Contrastingly, I recently saw a copy of my grandfather's resume from the late 1950s. It was amusing to see that he had adjusted his birth-year as to represent himself as half-a-decade younger than he was. I guess you could get away with that in the 50s.
33: There was a wonderful conversation here a while back in which LB expressed puzzlement at why people ever lie. The commentariat expressed puzzlement at her puzzlement, since, as a lawyer, LB should have plenty of experience with liars. LB explained that her job as a lawyer was to do everything but lie, and that she didn't see why more people didn't follow that policy.
The conversation stuck with me. I think of it every time I teach about the value of truth telling.
Attorneys and politicians have a different calibration for honesty than many. Compare the legal definition of "colorable" with the English one. Intentional but vague deception is understood as lying by most listeners.
I should say that I came to that position partially through professional experience, and partially from having lied an awful lot as a kid and teenager, generally out of trying to avoid uncomfortable situations, rather than having been scrupulously honest all my life.
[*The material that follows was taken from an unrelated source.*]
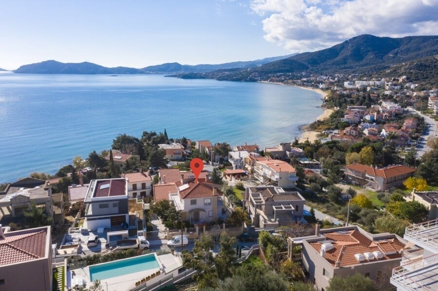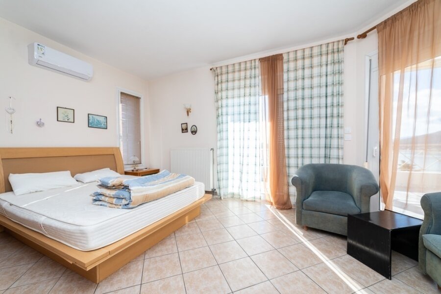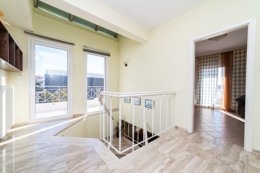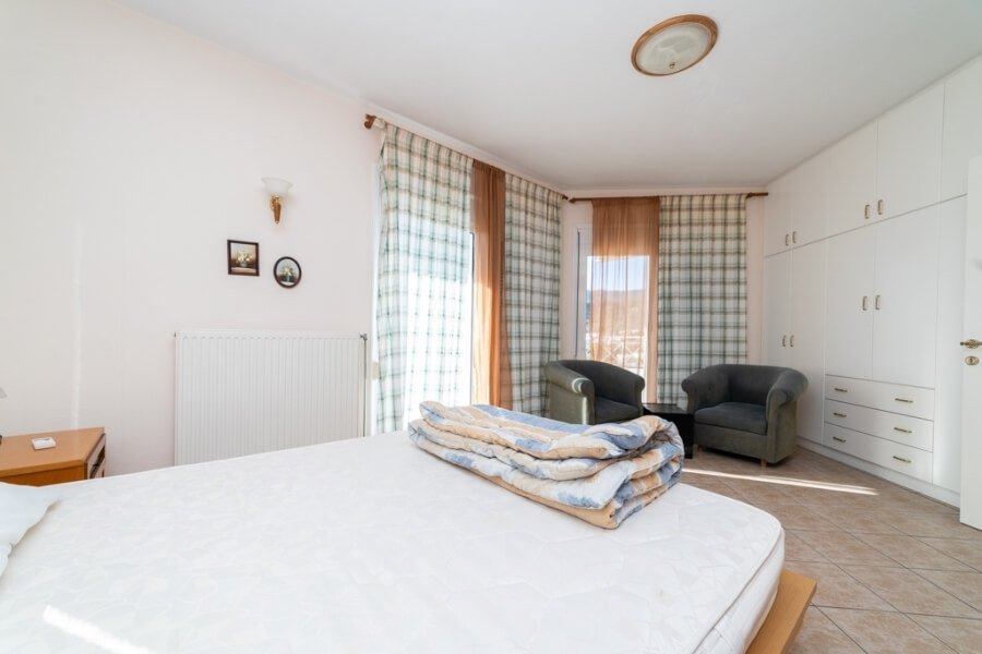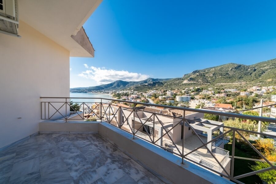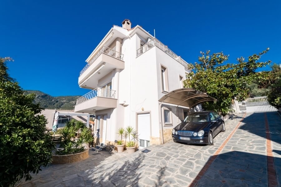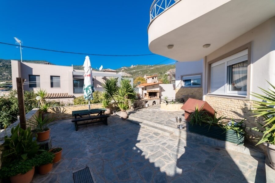 Villa of 280sqm in Palio.Excellent luxury villa of 280sqm on a plot of 500sqm. Built on 3 levels with the ground floor being a self-contained apartment and a 1st and 2nd floor with a main residence. The ground floor consists of 2 rooms, a living room, a kitchen, a bathroom and a storage room. It has independent heating and an energy fireplace. The first floor consists of a living room with an energy fireplace, kitchen, dining room, WC and a room. On the 2nd floor there are the 3 main rooms of the residence, a bathroom with a jacuzzi and a storage room. It has an oil burner as a means of heating in addition to two energy fireplaces, marble floors, BBQ in the garden, garages and terraces with spectacular views.

To this day, if I'm caught in an even moderately difficult spot, lying my way out of it is my first reaction, and I have to consciously remember that it's a poor idea and not do it.
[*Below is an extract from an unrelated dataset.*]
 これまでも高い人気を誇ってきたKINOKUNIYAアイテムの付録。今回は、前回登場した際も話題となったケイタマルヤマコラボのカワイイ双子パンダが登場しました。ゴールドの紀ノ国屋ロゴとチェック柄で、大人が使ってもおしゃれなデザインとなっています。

Good discussion of lying here:
No fact is more firmly established than that lying is a necessity of our circumstances, -- the deduction that it is then a Virtue goes without saying. No virtue can reach its highest usefulness without careful and diligent cultivation, -- therefore, it goes without saying, that this one ought to be taught in the public schools -- at the fireside -- even in the newspapers. What chance has the ignorant, uncultivated liar against the educated expert?
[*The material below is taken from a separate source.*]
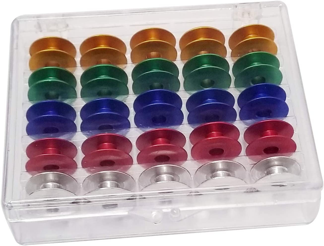 Sewtco Colorful Aluminium Bobbins for Industrial Sewing Machines – Compatible with Juki ddl 8700 Straight Stitch Sewing Machine Singer Brother Consew – 5 Each of Red, White, Blue, Green, Yellow

Compare the legal definition of "colorable" with the English one
As far as I'm aware the English definition of "colorable" refers to a simple picture drawn in outline which may be given to a small child together with a packet of crayons. What's the legal definition?
34, 36: "Everything but lie" isn't quite the sort of thing I'd think of as okay in a legal-practice context -- like, if I were crafting a literal truth that I intended to have the effect of causing my opponents to believe a falsehood, I'd count that as basically lying just like normal people. The sort of thing I was thinking of is more the distinction between telling the truth and telling the whole truth: remaining silent on matters that aren't helpful to my ends.
39: Bullshit that isn't physically impossible as far as the other guy knows.
39: A "colorable" argument is one you don't buy yourself, but you can make without shame. An argument that passes the laugh/blush test, in that you could make it to a judge without doing either. But it has the strong implication that you're really not convinced by it.
I tend to use 'colorable' to describe opinions that I don't necessarily subscribe to: "I'm not sure that Will Saletan should be dismembered and fed to hogs, but there's a colorable argument to be made."
In the OP, I don't see why you'd ask true/false questions when you're going to slope on the answers. Other than that, seems to me one of the big risks of lying is that it's not just hard to keep track of what you've said but eventually of what's true. Next thing you know you have tenure on invented datasets.... Oh.
ALso, I realized in my 30s that I'm an incredibly incompetent liar and should just stick to misdirection when needed. I'm not sure I'm any better at that, but people don't always follow up.
I would say that a colorable argument is one that the client believes, and I can't conclusively rule out.
I don't see why you'd ask true/false questions when you're going to slope on the answers.
"Describe to me what you did in the bathroom, and where."
eggplant are you going to the supremacistcon?